The modes of freight transportation include road transportation, railway transportation, waterway transportation, and air transportation. Due to the characteristics of short distance transportation of vegetables, highway transportation is widely used in vegetable transportation. Transportation infrastructure construction plays an important role in promoting vegetable transportation. Perfect traffic network can speed up the circulation of vegetables and expand the scale of vegetable market. Highway mileage is an important indicator of regional traffic infrastructure. Therefore, the impact of highway mileage on vegetable supply is positive.

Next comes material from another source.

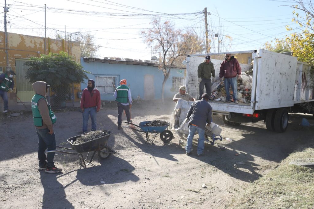 CD. JUAREZ, CHIH.- Personal de la Dirección de Limpia trabajó este día en un operativo de limpieza en la colonia San Antonio, con el propósito de dar atención a esa zona, especialmente al área cercana a las vías del tren.

The excessive pesticide residue in vegetables is an important task in the supervision of vegetable quality and safety. In the process of vegetable production, due to the frequent occurrence of diseases and insect pests, farmers have overdose in vegetable production in order to ensure vegetable yield. Due to the strict control of government departments, the supply of vegetable market has decreased significantly. In order to stabilize the normal supply of vegetable market, it is urgent to reduce the use of pesticides. Therefore, the effect of pesticide application on vegetable supply is negative.

4. Conclusions

Vegetable supply is affected by multiple factors, and the relationship between influencing factors is complex. In this paper, when using PSO-GM (1, N) model to predict vegetable supply in Henan Province, firstly, Lasso method is used to select many factors affecting vegetable supply for the first time, which eliminates the problems of multicollinearity and overfitting between factors. Then, based on the grey correlation analysis, the priority of the influencing factors is sorted, the determination method of parameter N in GM (1, N) is proposed, and the influencing factors are selected for the second time. Finally, the PSO method is used to optimize the GM (1, N) model, which greatly improves the prediction accuracy. Based on PSO-GM (1, N) model, the vegetable supply in Henan Province in the next three years is predicted. The results show that the vegetable supply in Henan Province continues to show an increasing trend. The key factors affecting vegetable supply in Henan Province are the number of rural employees, highway mileage, and application of pesticide. The PSO-GM (1, N) model proposed in this paper provides a new method for multifactor grey prediction. However, this study does not consider the impact of adjacent provinces on vegetable supply in Henan Province, especially spatial autocorrelation. Next, the temporal and spatial evolution law of vegetable supply in Henan Province will be explored from the two dimensions of time and space.

Data Availability

The data used to support the findings of this study are available from the first author upon request.

Conflicts of Interest

The authors have no conflicts of interest.

Authors’ Contributions

Bingjun Li was responsible for proposing the overall idea and framework of the manuscript. Xueqiang Guo was responsible for data processing and writing of the first draft of the manuscript.

Acknowledgments

This work was supported by the Key Project of Soft Science Research in Henan Province (202400410051).